Proposed changes to European laws which could have led to NHS trusts facing massive costs for running standby boilers have been halted.

Conservative MEP Caroline Jackson tabled an amendment to block the move during a debate at the European Parliament on revisions to the European directive on Integrated Pollution Prevention and Control.

The amendment which was backed by 471 votes to 169 will ensure that boilers used in healthcare facilities will only be subject to emission controls based on the amount of time they
run rather than on notional full time running.

Dr Jackson said: “Subjecting them to the full force of the emission controls established in the directive would have made them uneconomic to run because they would have needed major modifications.

“NHS boilers should never have been put at risk by this directive. The commission is still failing to fully investigate the unintended consequences some of their proposals can have before it brings them forward.

“This amendment has saved the NHS a great deal of money that is clearly better spent on patient care rather than satisfying Brussels.”

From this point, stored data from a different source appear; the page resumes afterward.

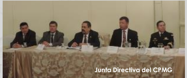
Junta Directiva del CPMG

Estos son algunos números que resumen los logros de 2015 para el Clúster: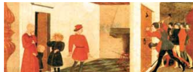
Paolo Uccello (1397–1475), Išniekintos Ostijos stebuklas (1467–1469). Detalė. Urbino Nacionalinė galerija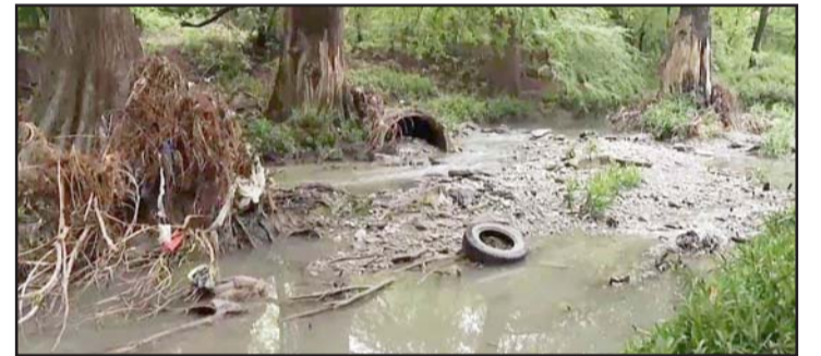
Hace ocho años fue construido en el municipio de Guadalupe.

El espacio es inseguro, ya que en el lugar es costumbre ver a indigentes embriagándose o ingiriendo alguna droga, y por si esto no fuera suficiente, el pavimento de los andadores está totalmente de-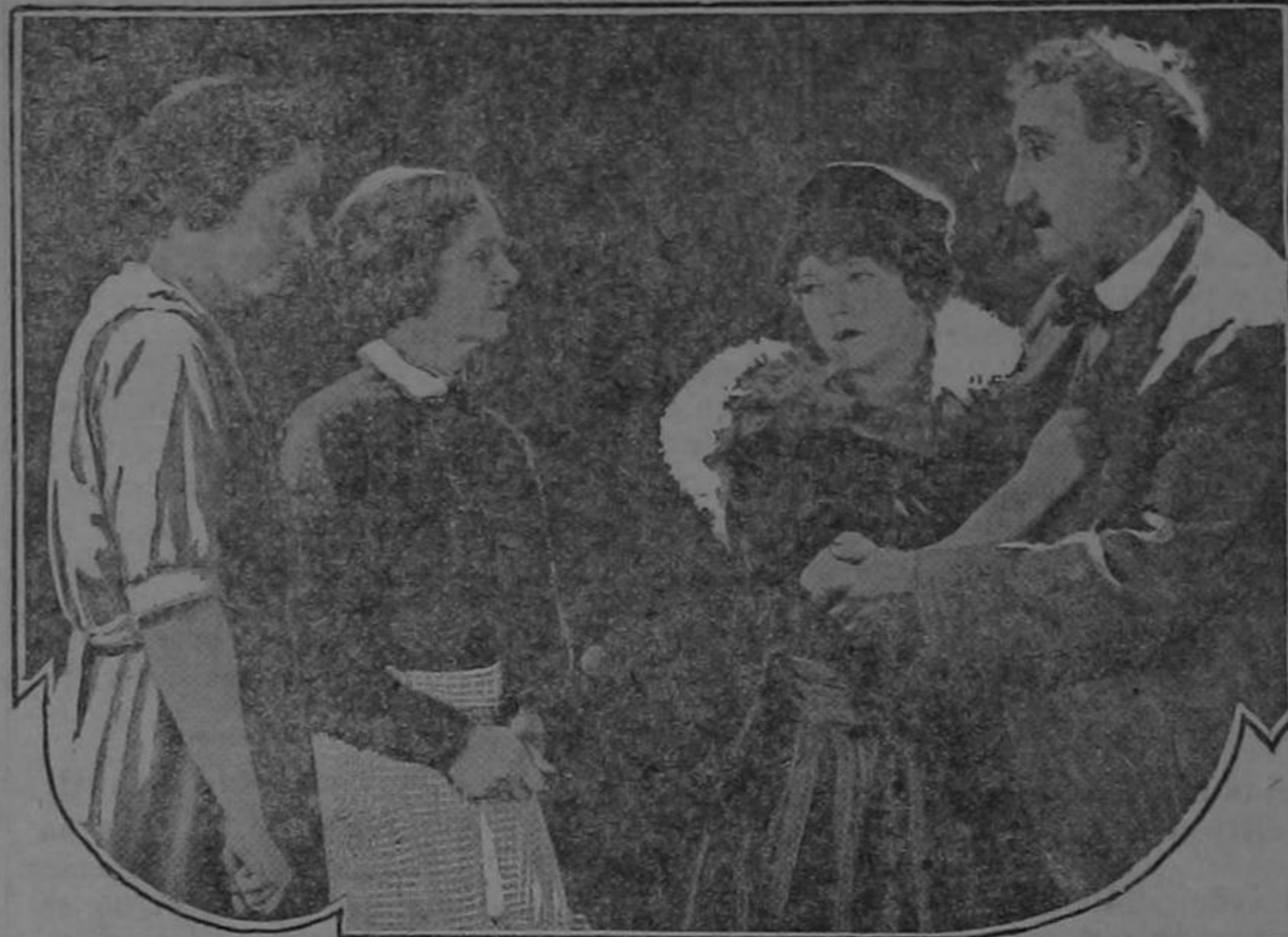
Scene from "THE FLIRT" - UNIVERSAL-JEWEL PICTURE WITH AN ALL STAR CAST

The proposed directive will create a permit system to prevent and limit pollution from large-scale industrial installations.

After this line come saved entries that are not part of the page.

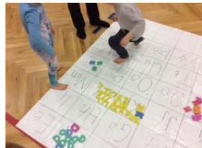
Finna réttan staf á dúk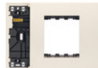
32613.C - Supporto XT 3M misto con placca canapa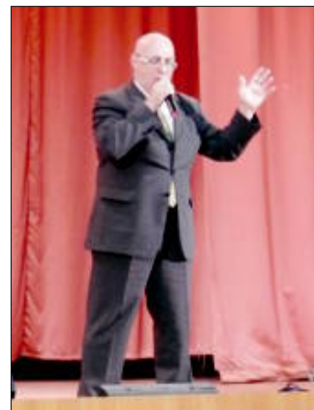
НА СНИМКЕ > Свой вариант гимна – слова и музыку представил заслуженный артист России Иракий Гвенцадзе

В ЭТОТ ДЕНЬ в большом актовом зале МГТУ царила атмосфера торжественности и взволнованности. Еще бы: состоялось открытое прослушивание гимнов университета, представленных на конкурс по случаю предстоящего 75-летия вуза.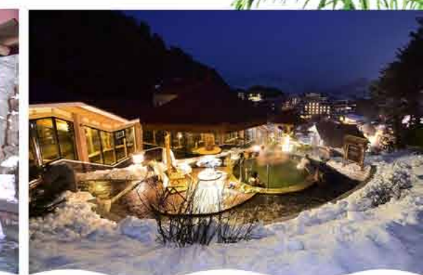
Angelica spa bath Ванна с дудником.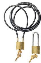
CL2 Câble de verrouillage (double)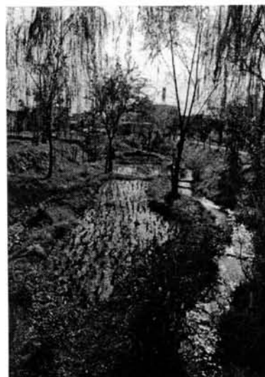
児ノ口公園内の五六川と水田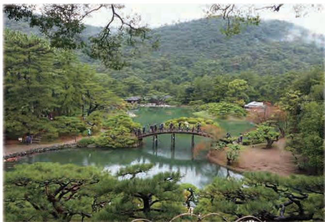
飛来峰より月橋を臨む

偕楽園・後楽園・兼六園と並ぶ文化財庭園。四百年近い歴史を誇る江戸初期の回遊式大名庭園として、すぐれた地割り、石組みを有し、黙隻の雅趣に富んでいる。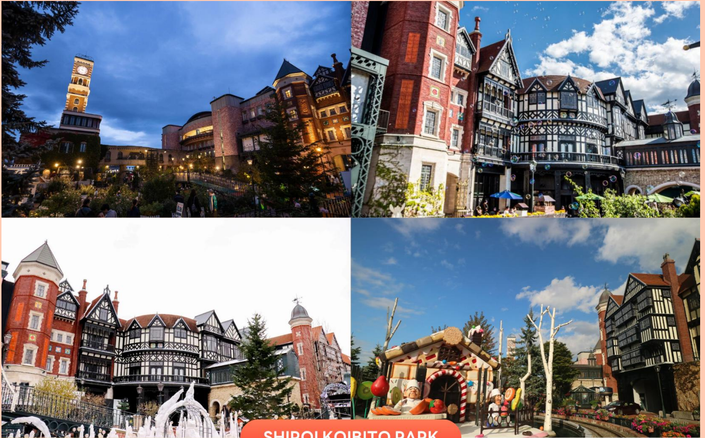
SHIROI KOBITO PARK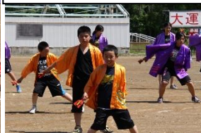
息の合ったヨサコイ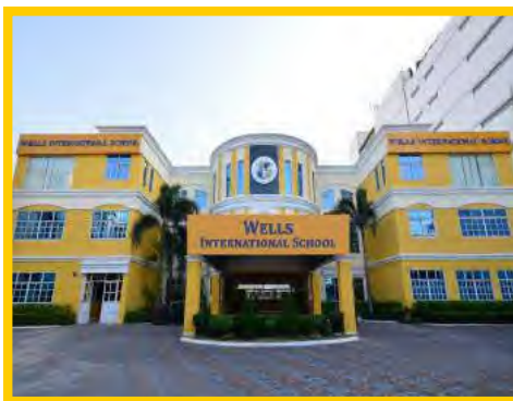
Wells International School On Nut Campus (G1 – G12) 2209 Sukhumvit Road, Bangchak Prakhanong, Bangkok 10260 Tel: (66)02-730-3366 Fax: (66)02-730-3118 http://www.wells-school.com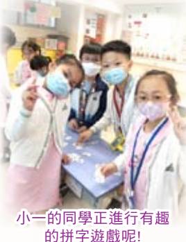
小一的小學正進行有趣的拼字遊戲呢！

為照顧學生不同的學習需要，本校與「基督教宣道會華基堂青年中心」合作，聘請資深的特殊教育老師到校開辦讀寫訓練小組，透過多感官教學法，進行有組織的課後小組讀寫訓練，以提升學生的中文學習動機及表現。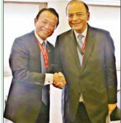
जापान दौरे पर गये भारत के वित्तमंत्री अरुण जेटली ने जापान के वित्तमंत्री तारो आसो से रविवार को मुलाकात की।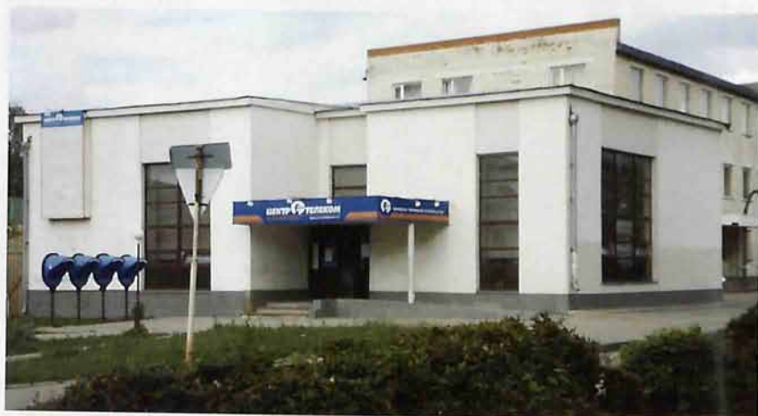
здание ОАО «Центр Телеком»

Улица названа именем советского государственного, партийного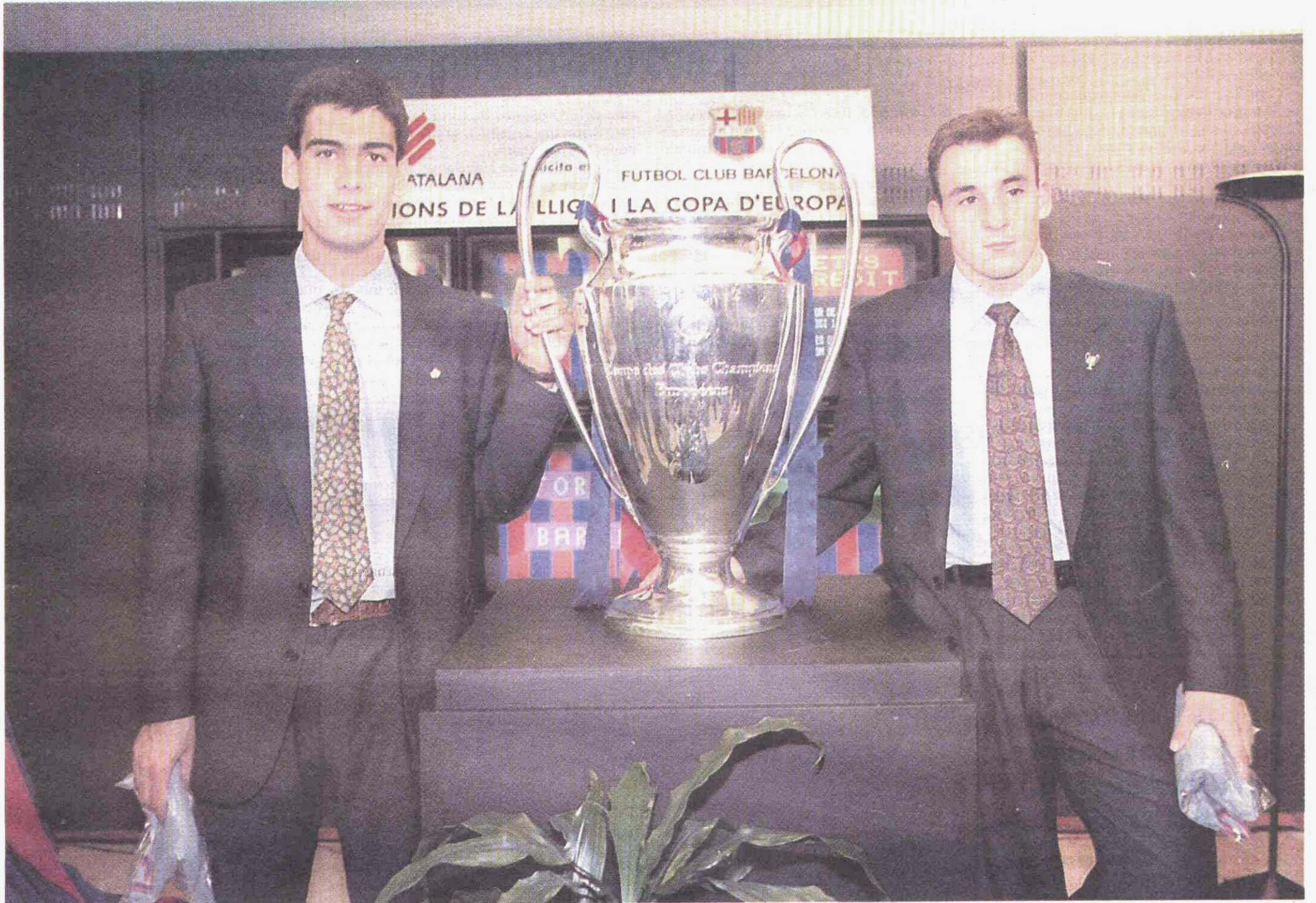
LA PRIMERA COPA DE EUROPA. El Barça ha tardado 37 años en ganar la Copa de Europa; Guardiola y Ferrer lo han hecho en sólo dos temporadas

Guardiola y Ferrer llegan a los Juegos con 21 y 22 años y un 1992 de ensueño

But, Dr Jackson was worried the directive’s proposal to assess industrial boilers on the basis of their potential emissions, rather than their actual emissions would have left hospitals having to cover substantial costs to obtain a permit.

She argued this could have had serious implications for up to 70 hospital trusts due to their reliance on spare boiler capacity to cope with fluctuations in demand or potential technical failures.

She said they would have been faced with the stark choice of paying the huge extra permit costs or shutting down boilers.

Another amendment tabled by Dr Jackson aimed at reducing bureaucracy on emission limits was defeated.

She had argued a proposed European Safety Net should be dropped as the European wide system of uniform emission levels and consumption levels would be costly and burdensome.

She said: “We wanted the existing Best Available Techniques (BAT) method, where national environment agencies tailor emission standards to what a plant can manage.”